» Instructions for the task:
Any picture in the data below should be skipped, while every line is repeated exactly.

» Data shown:
┌──

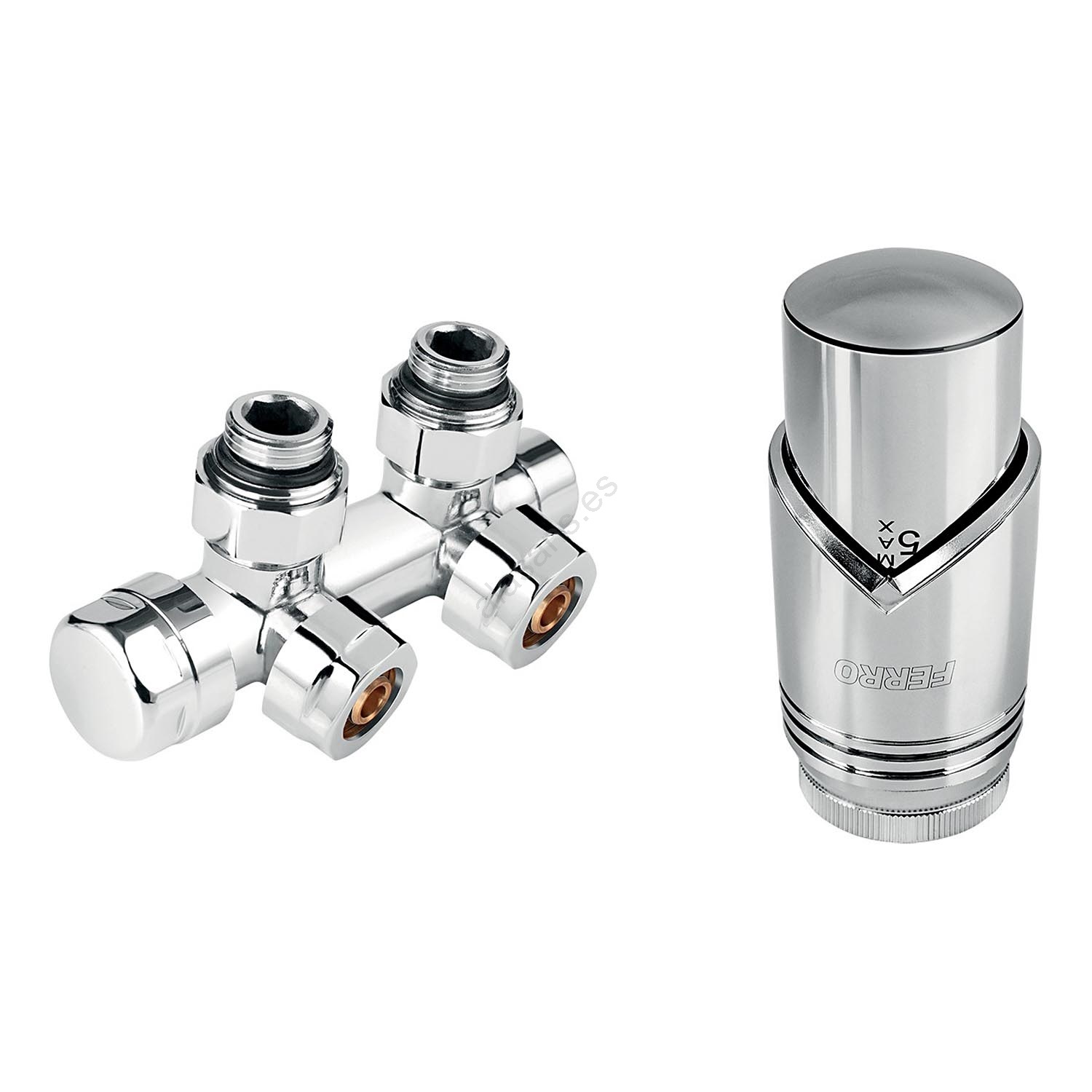 Novaservis - Juego esquinero para radiadores con conexión central, acabado en cromo brillante
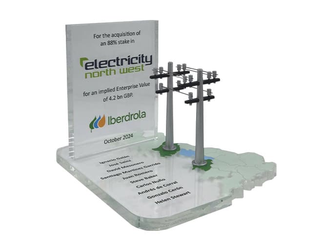Trofeo corporativo extravagante celebrando una adquisición de un campo eolico este proyecto elaborado para nuestro cliente Aes.
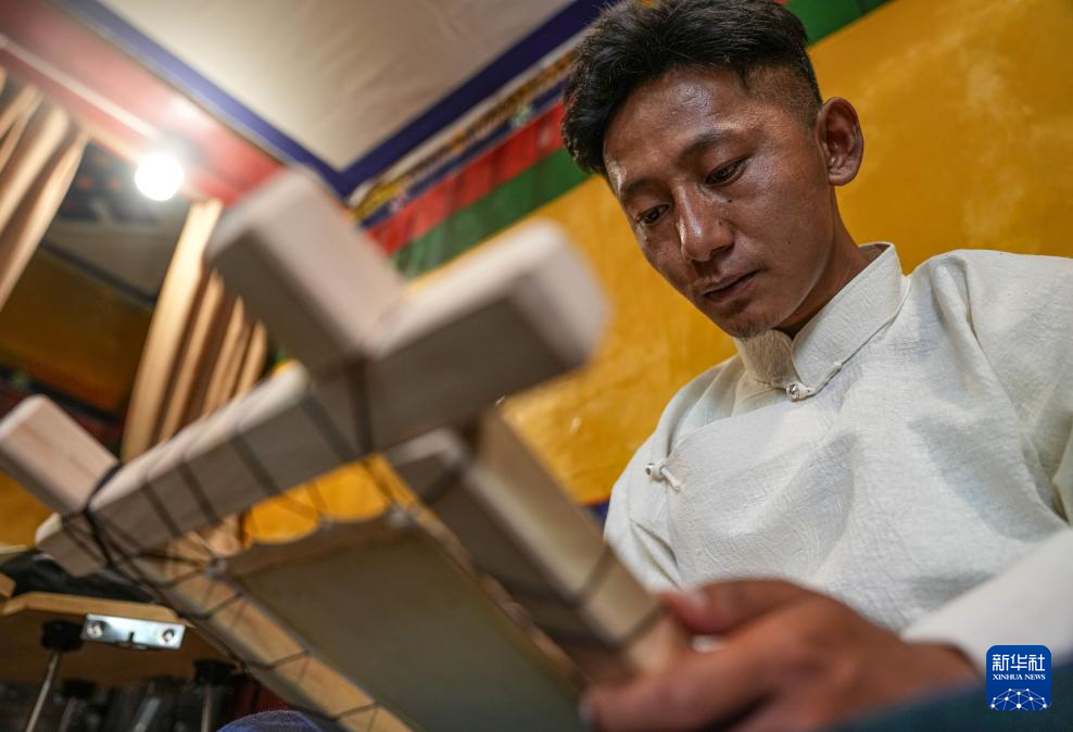 旦增特覺(jué)在店內(nèi)繪畫(huà)(7月5日攝)。他曾是一名唐卡畫(huà)師。新華社記者 晉美多吉 攝

└──

» Result:
 Novaservis - Juego esquinero para radiadores con conexión central, acabado en cromo brillante
Trofeo corporativo extravagante celebrando una adquisición de un campo eolico este proyecto elaborado para nuestro cliente Aes.
 旦增特覺(jué)在店內(nèi)繪畫(huà)(7月5日攝)。他曾是一名唐卡畫(huà)師。新華社記者 晉美多吉 攝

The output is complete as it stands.